House Bill 2806 was presented Tuesday to the House legislative committee on Culture, Recreation and Tourism and is expected to go up for a vote to move out of committee next week. If the bill makes it to the House floor and wins approval, the group would then introduce a similar bill (Senate Bill 1832) in a Senate committee and follow a similar path. If approved in both chambers it would go to Gov. Greg Abbott for a final signature.
Submitted with the name Texas Music Incubator, the bills are intended to provide economic relief to music venues in major cities in Texas where rising land prices are cutting into the already thin bottom line of clubs where presenting live music is a major component of the business model.
There have been similar efforts in previous legislative sessions to provide some kind of tax relief for venues, with a 2013 bill from former Austin House Rep. Mark Strama failing to move forward because the broad definitions of what constituted a music venue would have potentially cost the state more than $100 million from its total liquor tax revenue pool.

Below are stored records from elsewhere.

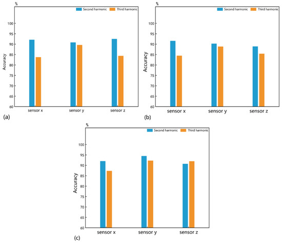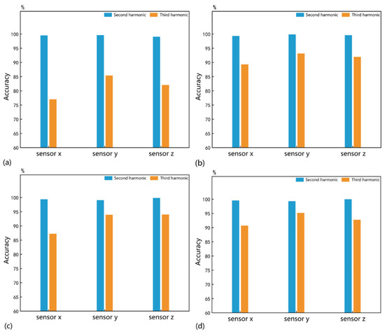 We also propose another data-level fusion method, as shown in Figure 9b. In this method, the second and third harmonics were fed into the 1D CNN through two separate channels. The hyperparameters were set to Conv1d (2, 12, 3, 1), Maxpool1d (4), Conv1d (12, 24, 3, 1), Maxpool1d (4), and FC (7104, 12). It took 24.92 s to train the 1D CNN for 600 epochs. The decoupled identification accuracies obtained over 100 training sessions, using the same method as before, are shown in Figure 8, with sensors , , and achieving 92.96%, 91.74%, and 91.08%, respectively.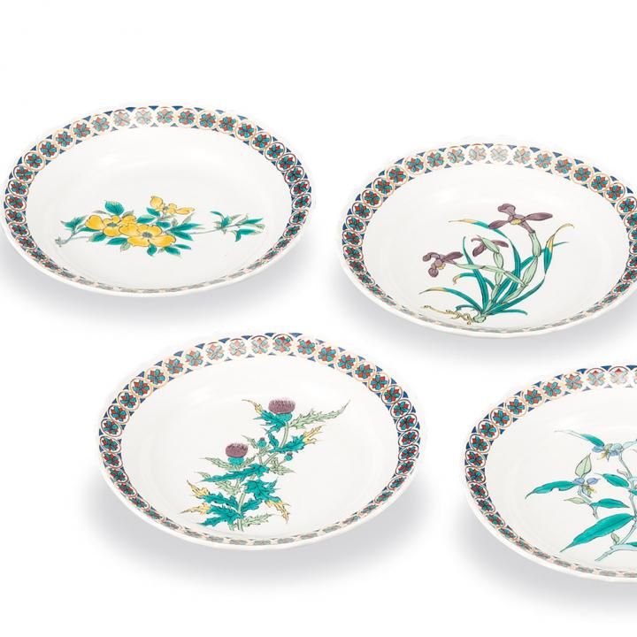 九谷焼の色彩の深みと厚く盛り上げる着彩の、風合いをお楽しみください。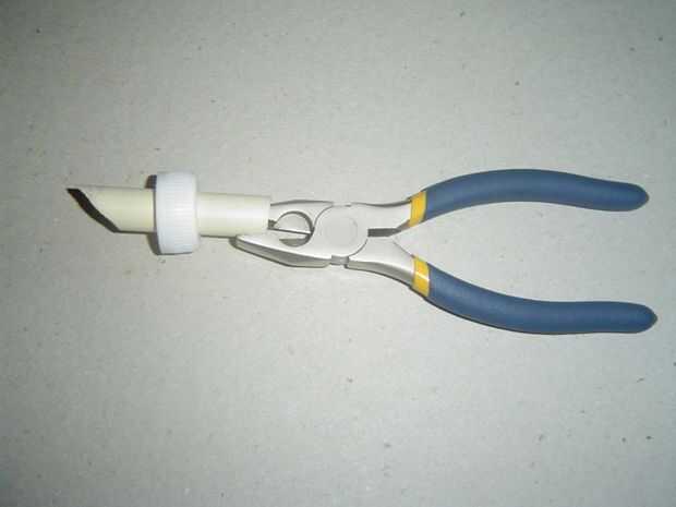 4. Perfore un agujero de 9/16 de pulgada en la tapa y ampliar con un trozo de tubería de CPVC de 1/2 pulgada como se muestra. Coloque la tapa en la botella.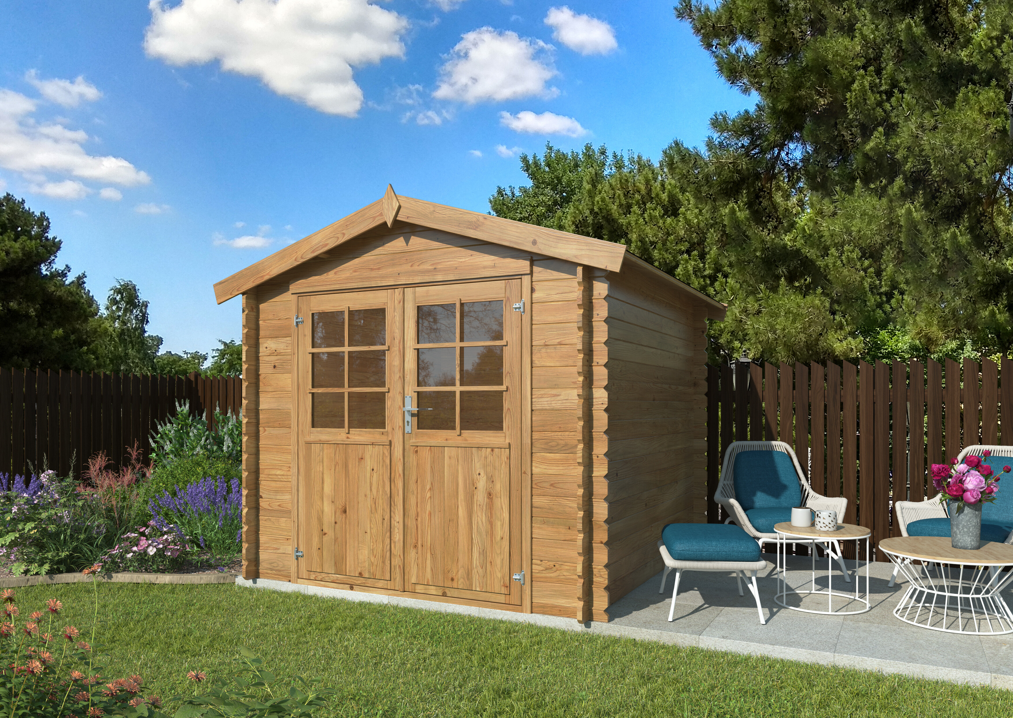 Casetta di legno in Abete impregnato in autoclave color marrone e essicato
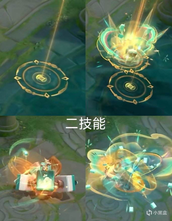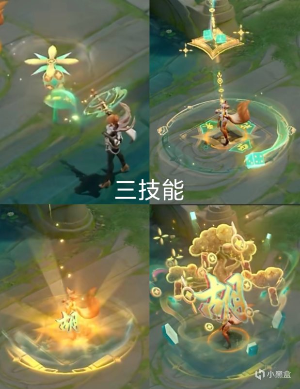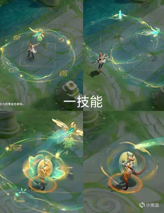 一技能掷出衔着 “發” 字的 “幺鸡”,攻击范围化作青金色大铜钱,二阶段还会一分为二扩大攻击范围。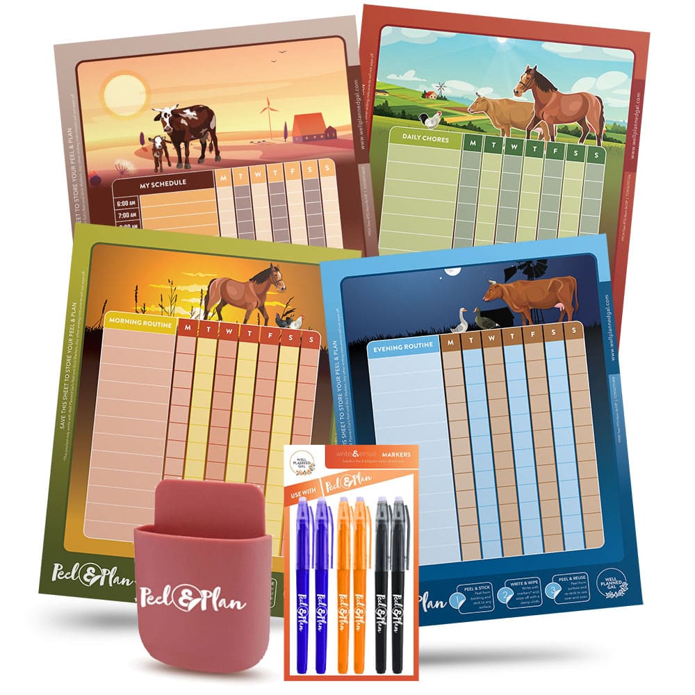 Peel & Plan Chore Charts give kids a clear, age-appropriate way to manage responsibilities — so your home runs smoothly and your kids grow in confidence, independence, and follow-through.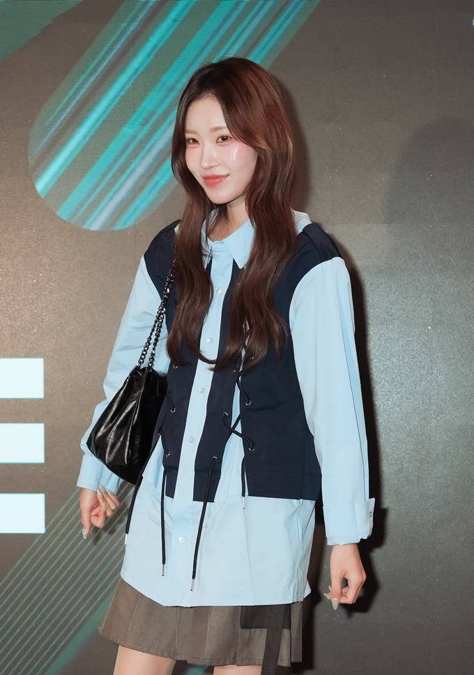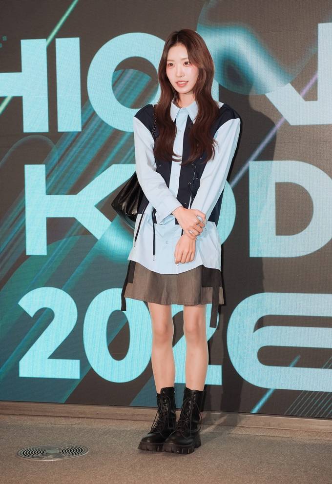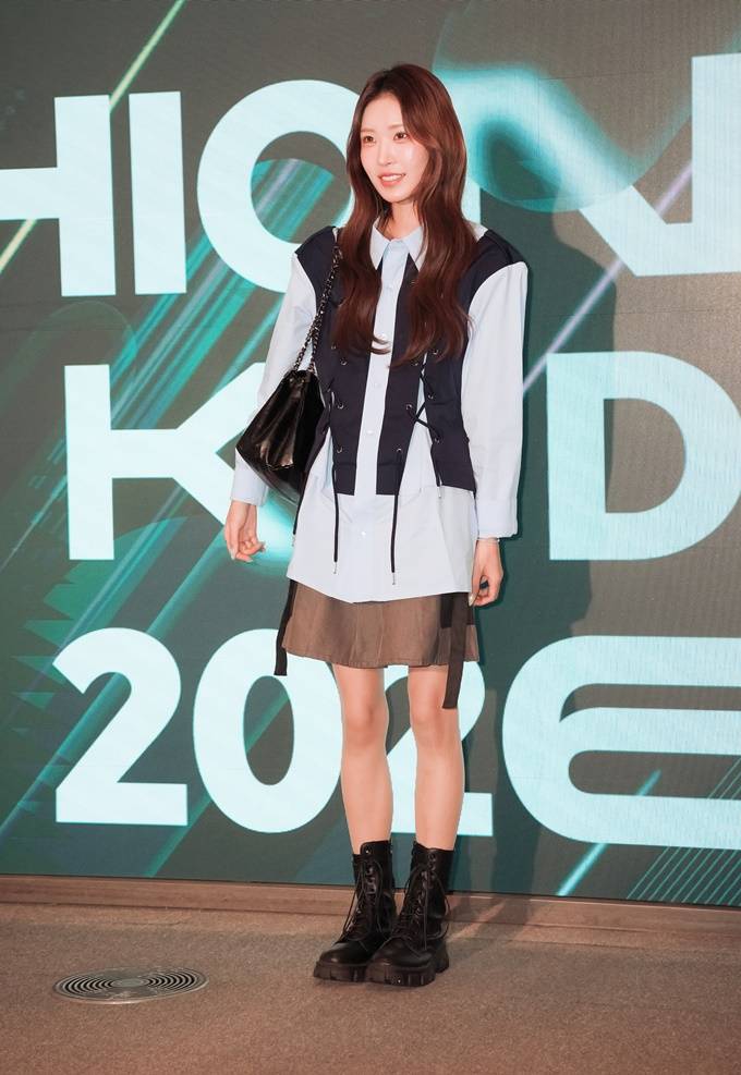 이날 최준희는 조끼 형태의 디자인이 프린트된 실험적인 셔츠 슈트룩으로 세련되면서도 당당한 카리스마를 발산했다.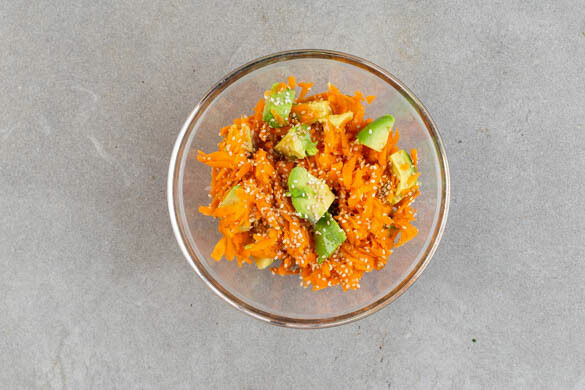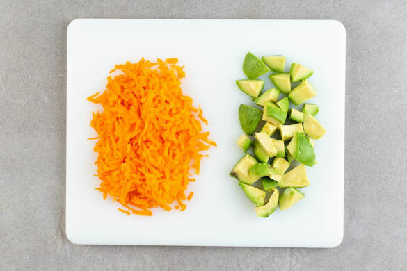 Die Karotten ggf. schälen und grob raspeln. Die Avocados halbieren, den Kern entfernen und das Fruchtfleisch in der Schale kreuzweise zu ca. 3cm großen Würfeln einschneiden. Die vorgeschnittenen Avocadowürfel mit einem Löffel aus der Schale lösen.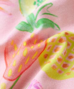Deze korte broek voor kinderen heeft een elastische tailleband met trekkoord, 2 zijzakken en een paspelzak aan de achterkant. Op deze kindershorts staan allemaal vruchten afgebeeld. De korte broek is gemaakt van zacht materiaal met 92% katoen en 8% elastaan, waardoor hij comfortabel en ademend is.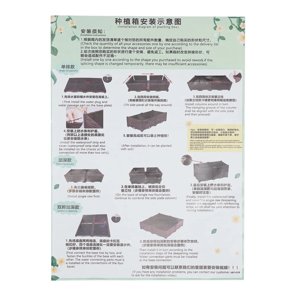 Description The 4 raised garden beds with large capacity can provide sufficient growth space to grow vegetables, plants, etc. They are made of food-grade PP, which can be used outdoors or indoors for a long time. The raised garden beds with drain holes and drain pipes that can drain excess water. They are suitable for gardens, small patios, decks, balconies, and apartments. It can be used to plant plants, vegetables, flowers, herbs, etc. Key Features Large Capacity: The 4 raised garden beds with large capacity can provide sufficient growth space to grow vegetables, plants, etc. High Durability: The raised garden beds are made of food-grade PP, which can be used outdoors or indoors for a long time. Comfortable Gardening: The raised garden beds will bring you a comfortable gardening exper Outdoor Elevated Raised Garden Bed Planter Box with Legs for Vegetable/Flower Description~ Description The 4 raised garden beds with large capacity can provide sufficient growth space to grow vegetables, plants, etc. They are made of food-grade PP, which can be used outdoors or indoors for a long time. The raised garden beds with drain holes and drain pipes that can drain excess water. They are suitable for gardens, small patios, decks, balconies, and apartments. It can be used to plant plants, vegetables, flowers, herbs, etc. Key Features Large Capacity: The 4 raised garden beds with large capacity can provide sufficient growth space to grow vegetables, plants, etc. High Durability: The raised garden beds are made of food-grade PP, which can be used outdoors or indoors for a long time. Comfortable Gardening: The raised garden beds will bring you a comfortable gardening experience, alleviating the need to bend while protecting your plants from disturbing by wild animals. Drain Holes and Pipes: The raised garden beds with drain holes and drain pipes drain excess water and help plants fully absorb water and nutrients. Easy to Assemble: You can easily install them by putting the frames and sheets together without much effort and time. Wide Application: The raised garden beds can be placed on many occasions such as in gardens, small patios, decks, balconies, and apartments. It can be used to plant plants, vegetables, flowers, herbs, etc. Light Weight: The raised garden beds are light enough to be placed anywhere you want, facilitating your daily gardening. Guaranteed After-sales Service : We aim to provide quality products and services, if you have any problems, please feel free to contact us, we will reply and solve the problem for you as soon as possible. Details Plastic Material: The raised garden beds are made of food-grade PP with good toughness, so they are more durable and can be used for a long time both indoors and outdoors. Drain Holes: The raised garden beds have drain holes that can effectively drain excess water. Application The raised garden beds are suitable for gardens, small patios, decks, balconies, and apartments. It can be used to plant plants, vegetables, flowers, herbs, etc. Specification Material: PP Color: Brown Quantity: 4 Each Product Size: 39*39*38cm/15.35*15.35*14.96in Four Combined Sizes: 156*39*38cm/61.41*15.35*14.96in Package Included 4* Raised Garden Beds Notes 1. Please put enough soil in the garden box first, otherwise it will not stand stable. 2. Please allow the slight color difference caused by the shooting light and 1-3cm error due to manual measurement, and make sure you do not mind before ordering. Payment Delivery details Terms of sales About us Contact us Payment We accept ebay payment 。 Fees such as import duties, taxes are not included in the item price or shipping costs. These charges are the buyer's responsibility. Delivery details Shipping: 2-9 working days to: USA Terms of sales We maintain high standards of excellence and strive for hundred percent customer satisfaction. Feedback is very important to us. We hope that you contact us immediately before you give neutral or negative feedback, so that we can address your concerns. It is impossible to address issues if we do not know about them! About us Your satis faction is our ultimate goal. We work hard to earn your trust and future business. Our certified technicians have tested each item before shipping. The unit comes with 1 year limited warranty on all manufacturing defects. a) If you receive a defective item, you may return it or ask for a discount. Please contact us within 14 days after you receive the package. b) What you returned must be intact and in its original packaging as re? u. Customer is responsible for shipping costs of the returned item. c) We will cover the cost of shipping back t with the shipping rate indicated in the registration page. We will send you a new unit or refund the full payment you paid. Thank you. Contact us Business Hour Business Hour: Monday To Friday: 8:30 AM to 5:00 PM (Beijing China time) Due to time zones, our reply to your questions may not be immediately. But within above working time, we will reply your email within 24 hours. If it's non-workdays, please kindly be patient and wait till Monday. Please contact us with ebay message. Please feel free to contact us if you have any questions. Monday To Friday: 8:30 AM to 5:00 PM (Beijing China time) Due to time zones, our reply to your questions may not be immediately. But within above working time, we will reply your email within 24 hours. If it's non-workdays, please kindly be patient and wait till Monday. Please contact us with ebay message. Please feel free to contact us if you have any questions.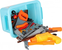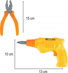 A kis barkácsolóknak szánt komplett gyermek munkapad akár 48 darabbal kínál ötletes játékot és tanulást. A színes kivitelnek és a biztonságos műanyag anyagnak köszönhetően a gyerekek fejleszthetik finommotorikájukat és koordinációjukat. A készlet tartalmaz csavarokat és anyákat, műanyag fúrót/csavarhúzót, kalapácsot, fűrészt, fogót, valamint lyukacsos elemeket az építéshez. A praktikus tárolódoboz mindent egyben tart és megkönnyíti a szállítást.

As currently designed, the legislation would provide rebates to about 360 music venues across the state, using a criteria framework created by the Music Venue Alliance Austin, which is working to enact business-friendly laws for music venues.
That set of criteria, which were developed in part for inclusion and possible zoning considerations in Austin’s CodeNEXT rewrite, says that to qualify as a live music venue a business must meet five of eight requirements, including having dedicated staff for sound engineering, booking live acts a minimum number of days per week, collecting an admission price, and conducting basic marketing of live music concerts.
Proponents of the rebate plan were careful to find sponsors outside of Austin – Republican Rep. Geanie Morrison in the House, and Democrat Sen. Carol Alvarado – to make the bills appear to be less Austin-centric. Tuesday’s testimony included discussions about how the rebates could serve an economic development function to help small clubs and venues in smaller towns bring in larger acts and make improvements to their businesses to create new revenue.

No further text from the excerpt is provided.